」
乔玉言这一下是真的吃惊了,「所以……那几日南康县在找所谓的黑风寨的匪徒,实际上实在找我。」
拾叶也有些苦笑不得,「正是,还是最后一日那个什么捕头想要强抢民女的事儿闹出来,才叫我们的人发现了你的踪迹。」
这……
乔玉言彻底说不出话了,这叫什么事儿。
拾叶便无奈地叹了口气,复又笑道:「后来咱们的人将那县太爷家财藏匿的地方告诉了那个杨捕头,杨捕头隐瞒了消息,自己去盗取了大半,却又被县太爷给当场抓着了,当即便免了他捕头的职务,还叫打了一顿。」
说完又立刻补充了一句,「毕竟是地方上事务,咱们也不能太明目张胆了,只能用这样迂回的法子。
那杨捕头被打断了一条腿,抬回去,也不知道怎么了,没两日就发高热一命呜呼了,杨家失了杨捕头这个屏障,被那些进了县城的流民给撬了锁,直接掠夺一空,剩下个杨夫人守着一个空宅子。

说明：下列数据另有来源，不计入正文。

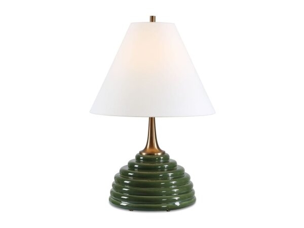 Elevate your decor with this stylish table lamp, showcasing a striking dark green ribbed ceramic base paired with sleek brass-plated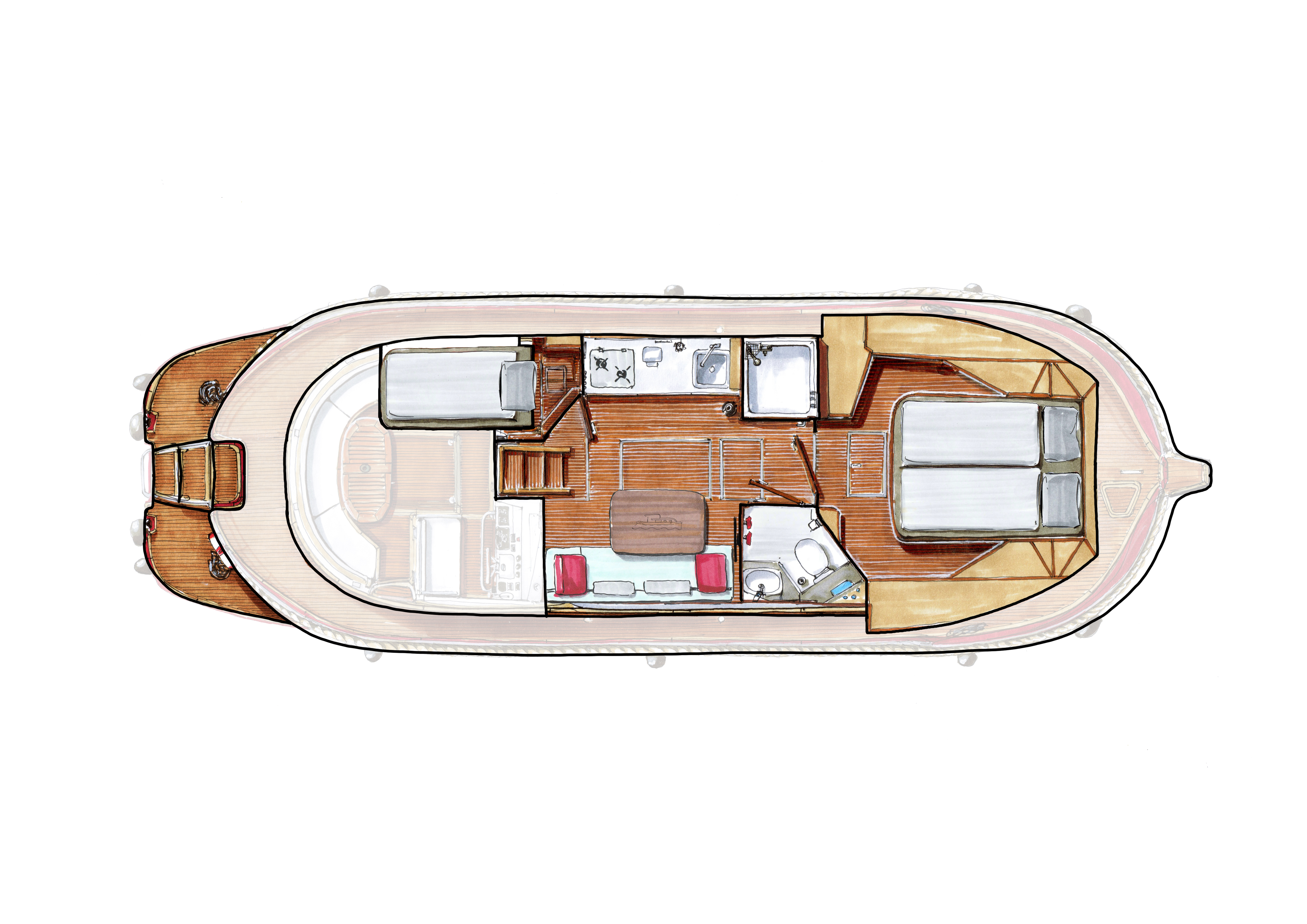 - Cabine avant avec lit double; petite cabine arrière avec lit simple.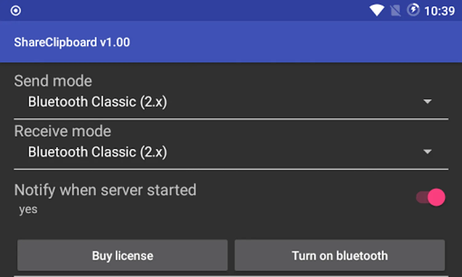 On the destination device, choose "Bluetooth Classic" from the "Receive mode" field, then turn Bluetooth on.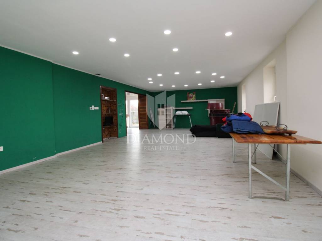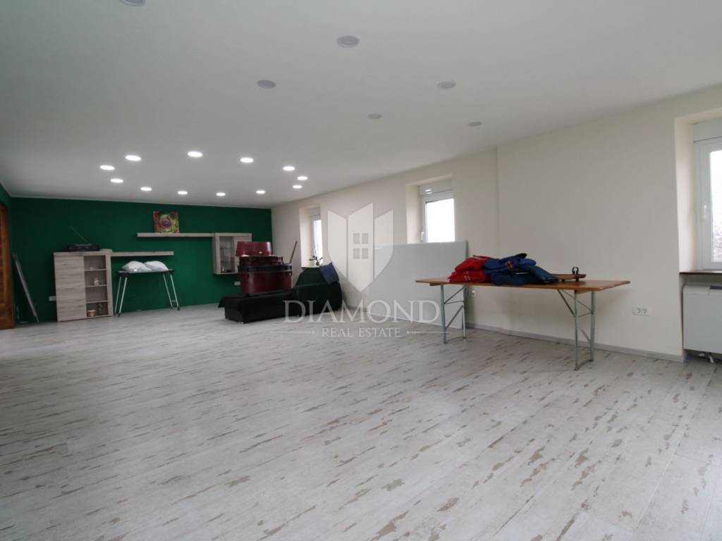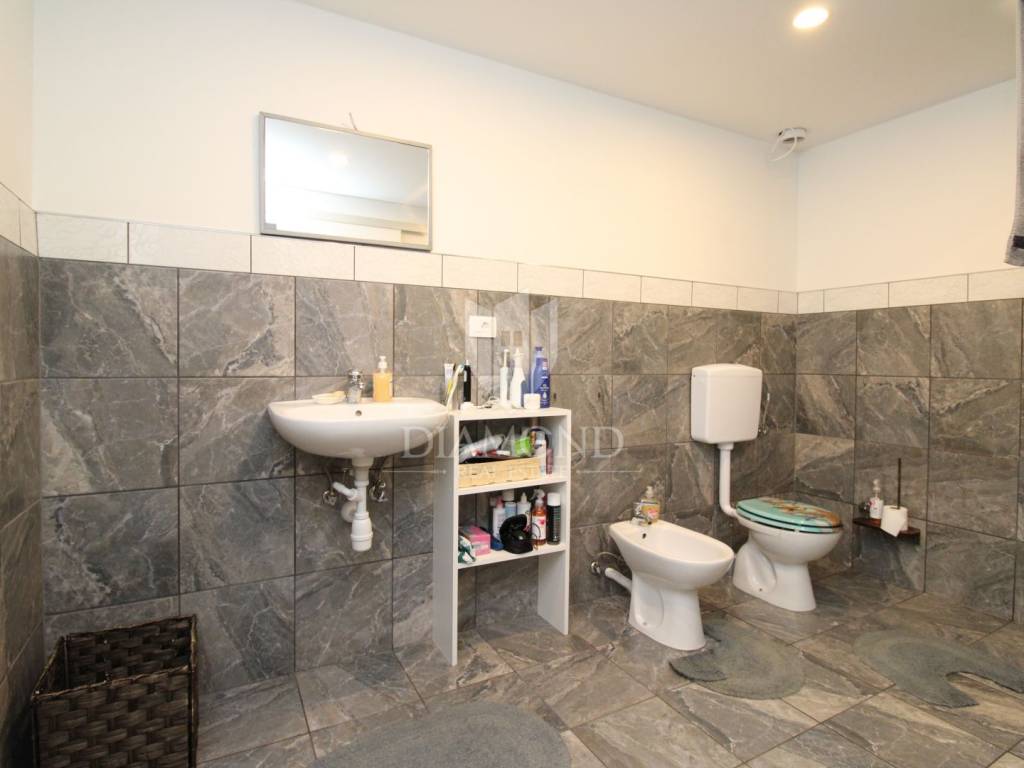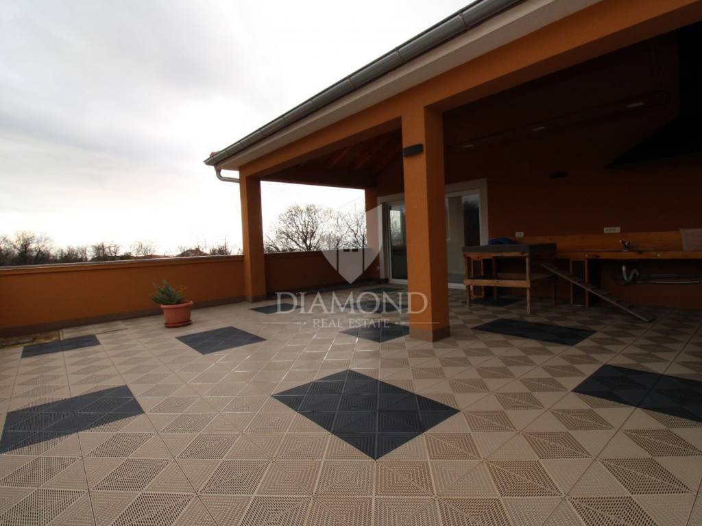 Na katu se nalazi ogroman dnevni boravak od 50 m² s izlazom na prekrasnu terasu od 60 m², koja vodi na još jednu terasu iste veličine. Tu su i moderna kuhinja te spavaća soba s privatnom kupaonicom i WC-om.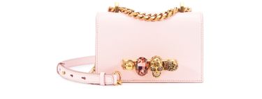 The mini Jewelled Satchel bag was designed by Alexander McQueen. The traditional compact form is highlighted by stunning jewels including a surprising skull.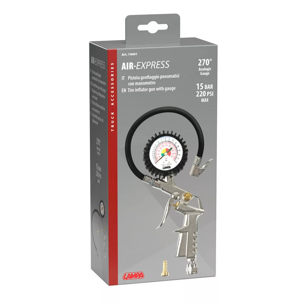 A Lampa légnyomásmérő pisztoly megbízható és precíz eszköz gumiabroncsok nyomásának mérésére, felfújására és leeresztésére. A maximum 15 bar nyomásmérési tartománynak köszönhetően alkalmas személyautók, kisteherautók és motorkerékpárok abroncsainak ellenőrzésére is.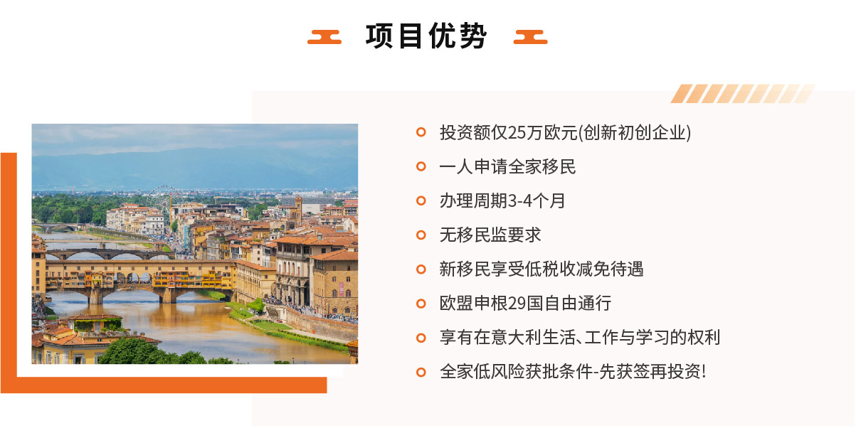 項目介紹 項目優勢 申請條件 投資選項 成功案例 申請流程 意大利優勢 文案團隊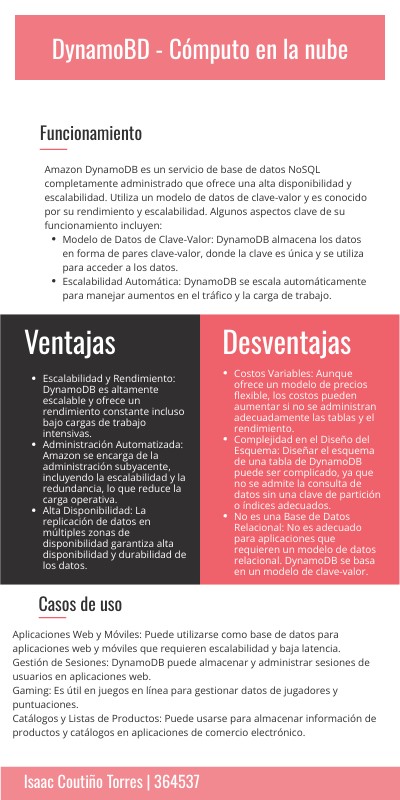 - No es una Base de Datos Relacional: No es adecuado para aplicaciones que requieren un modelo de datos relacional. DynamoDB se basa en un modelo de clave-valor.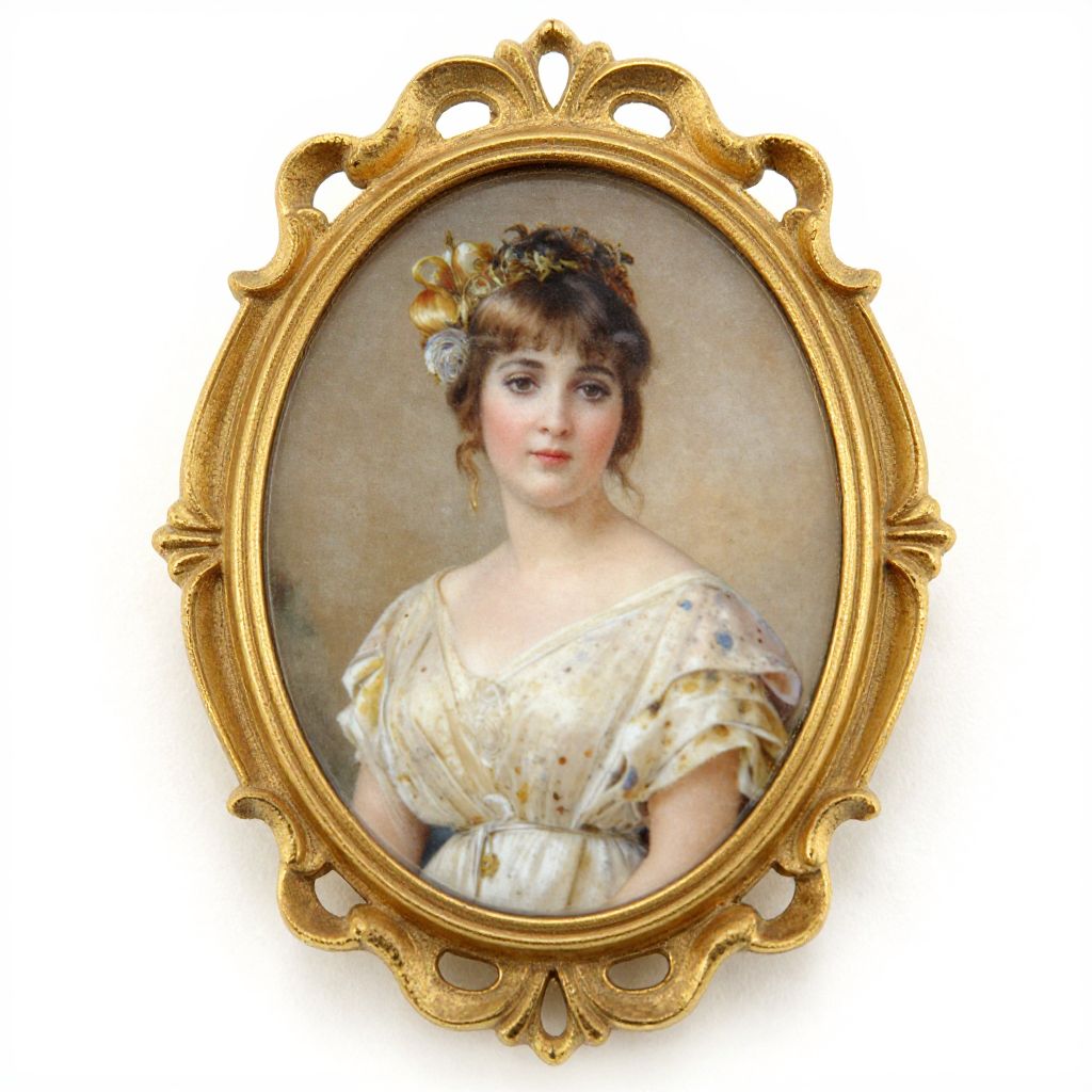 Elegant Art Nouveau brooch featuring a hand-painted porcelain portrait of a woman in a cream dress, set within a scrolled gold frame, circa 1900-1910s.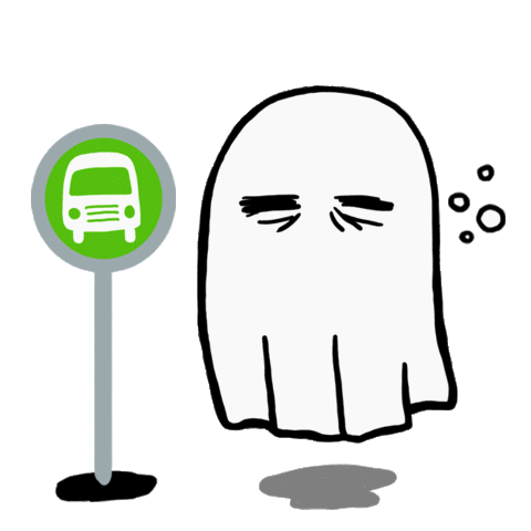 A tired, ghost-like figure with closed eyes dozes off while waiting at a bus stop, with a small puddle forming below.
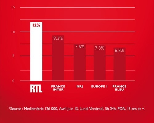 Pour RTL, le seul "critère pertinent" est celui de la part d'audience (il l'est surtout pour les régies), alors forcément RTL se revendique comme la première radio de France. La station est la seule à avancer ce critère, toutes les autres mettent en avant l'audience cumulée. Par ailleurs, on peut saluer l'importante durée d'écoute moyenne quotidienne enregistrée par RTL : 2 heures et 24 minutes.
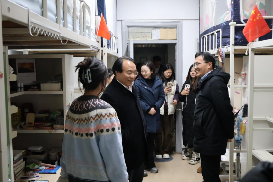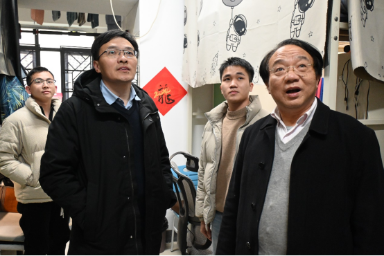 参观考察过程中,黄保红实地询问同学们寝室各项生活设施是否完备、使用是否方便;在谈到宿舍文化建设时,他指出宿舍应做到勤打扫、善保持。学工处处长李世峰则亲切地关心同学们的学习情况以及课余生活,还贴心提醒同学们冬天勤通风、防感冒。来到文化特色宿舍,同学们正在复习备考,墙上张贴着同学们亲手写的对联,书卷气息十分浓厚。看到同学们认真学习,黄保红询问同学们每天作息情况,同学们笑着回答道“每天11点前上床睡觉,绝不熬夜,保持充足的睡眠迎接第二天的学习”。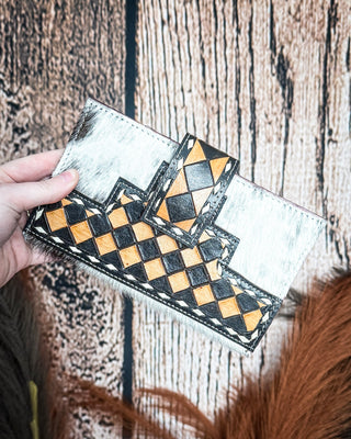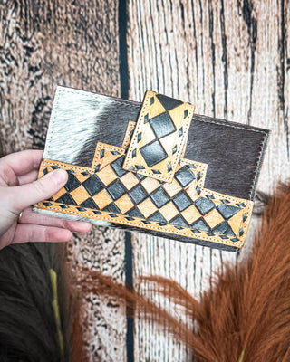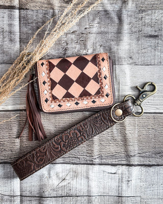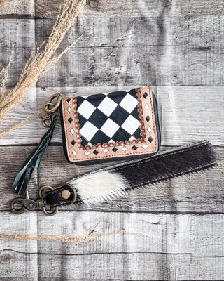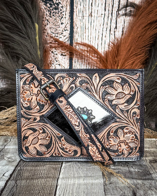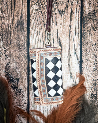 Navajo Sky Hand Tooled Hairon Leather Card Holder in Antique Brown By Myra Bag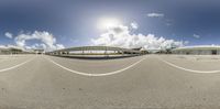 the view of an airport building, as seen through a fish eye lens as viewed in google image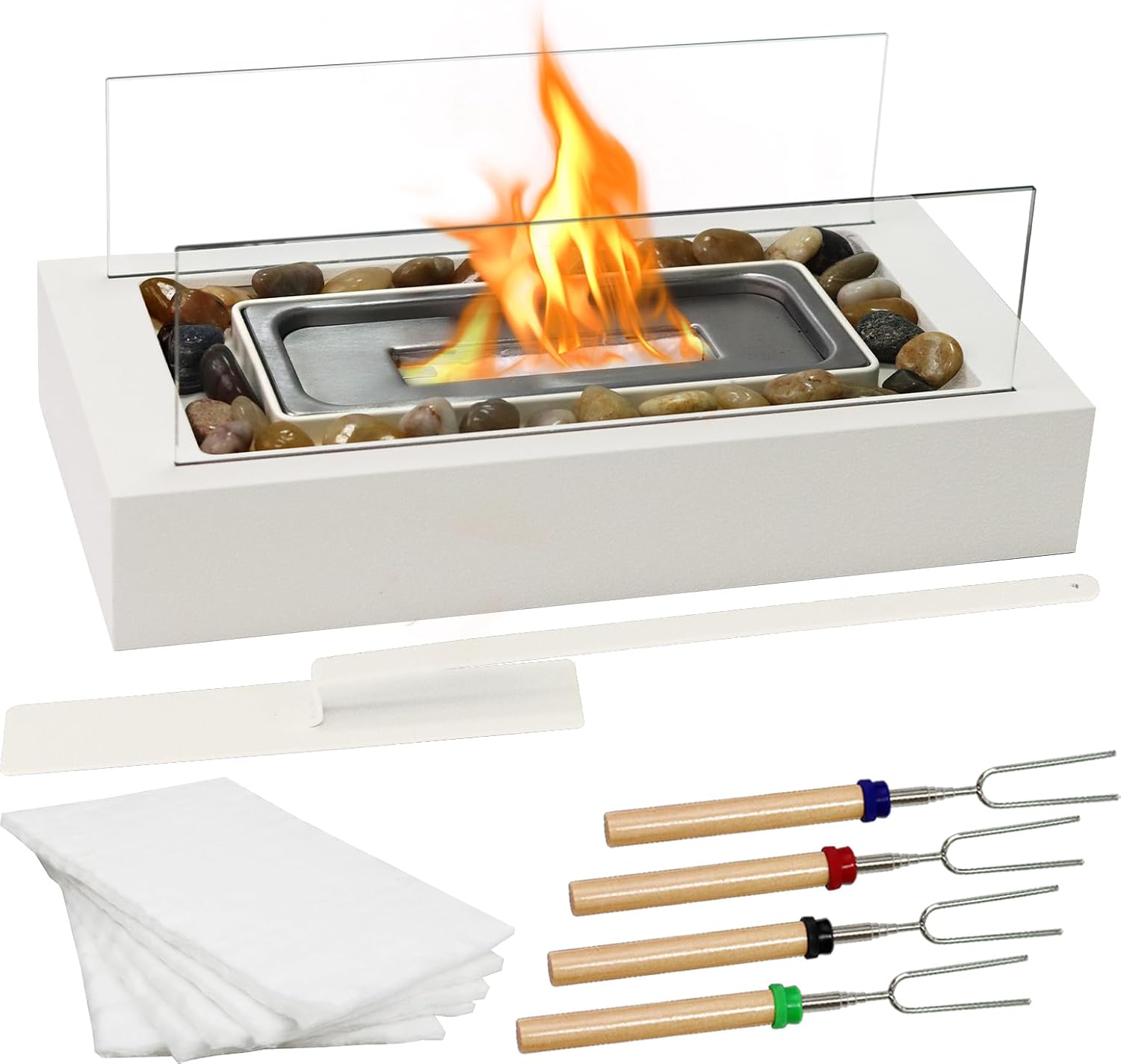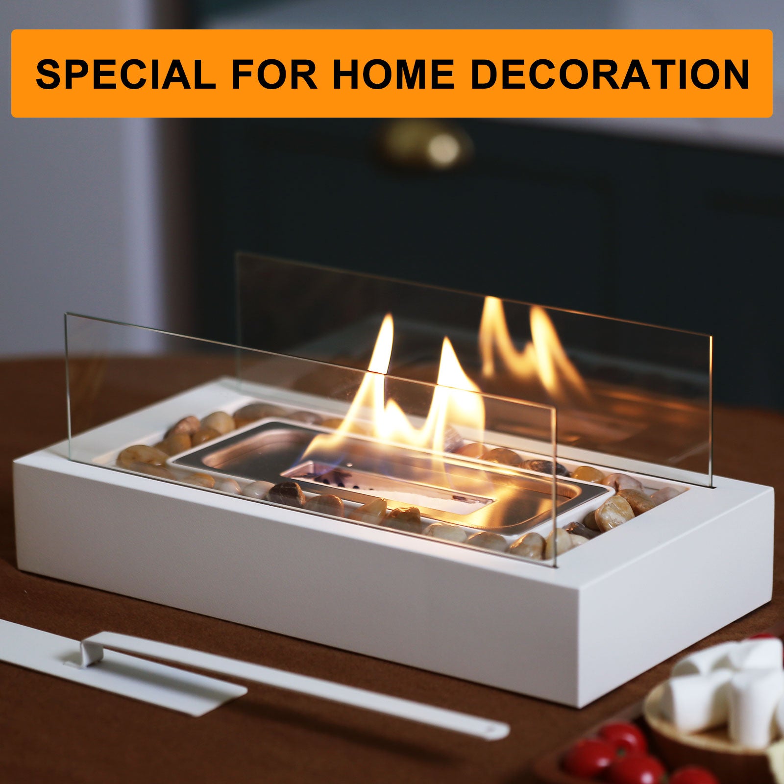 Tabletop fire pit is carefully designed to work well both inside and outside. The attractive dancing flame has no ash or smoke so it can be put anywhere.
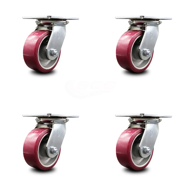 Listing is for a set of four (4) Service Caster Series #35 swivel casters with 5" diameter by 2" wide polyurethane on aluminum wheels capable of supporting a total weight of 3,600 lbs. (900 lbs. per caster). When searching for a reliable and durable solution to your caster needs, rely on Service Caster Series 35 polyurethane aluminum wheel casters. The Series #35 features heavy duty polyurethane wheels that are chemically bonded to an aluminum core, providing a smooth roll over uneven surfaces without marking or marring floors. Finely crafted with a bright zinc plated finish and heat-treated ball bearing raceway, these versatile casters are ideal for a wide range of applications. Use on dollies, platform trucks, warehouse carts and freight terminals, or ensure a smooth and secure ride for food service carts, hotel housekeeping carts, and industrial and commercial equipment. Even drywall carts, welding carts, and wall panel carts will be ready to roll on the Series 35, keeping you moving forward.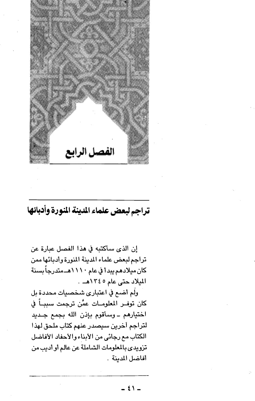 الفصل الرابع تراجم لبعض علماء المدينة المنورة وأدبائها

那伙流民干脆就趁乱开了城门,将黑风寨的人放了进来,直接将县太爷的家给洗劫了,然后,在又在县衙放了一把火,烧了一夜呢!」
想不到南康县竟然发生了这样的事情,乔玉言着实目瞪口呆。
这会儿听到拾叶这么说,其实略微想一想也就知道是怎么回事了。
她犹豫着问,「那……没死人吧?」
「怎么可能不死人呢?」拾叶叹了口气,「一个县,政务已经污浊到这个程度,没有血,是洗不干净的。」
乔玉言便没有再说话,她心里想着拾叶的话,再想到从前温停渊与她讲的书,大约明白了过来。
南边儿如今就是一块烂疮,若不尽快根治,这溃烂的面积会越来越大,而要根治这样的烂疮,就必须要有挖肉剔骨的勇气。
拾叶见她怔怔地在想着事儿,便宽慰道:「这些事情太太只要知道就好,说这些,也是为了让你心里有个防备。」
乔玉言点头,拾叶说得没错,让她知道这些事儿,再面对沈婧的作为,她也就不至于慌张了。
沈婧也毫不含糊,第二日才吃早饭就过来了,「既然你这里已经有人替你看着这孩子,那你今儿就跟我出门吧!」
平儿从拾叶那里得知自己的父母都还好,整个人眼睛都亮了,也一下子就对拾叶亲切了起来,一早上都在问关于自己父母的事儿。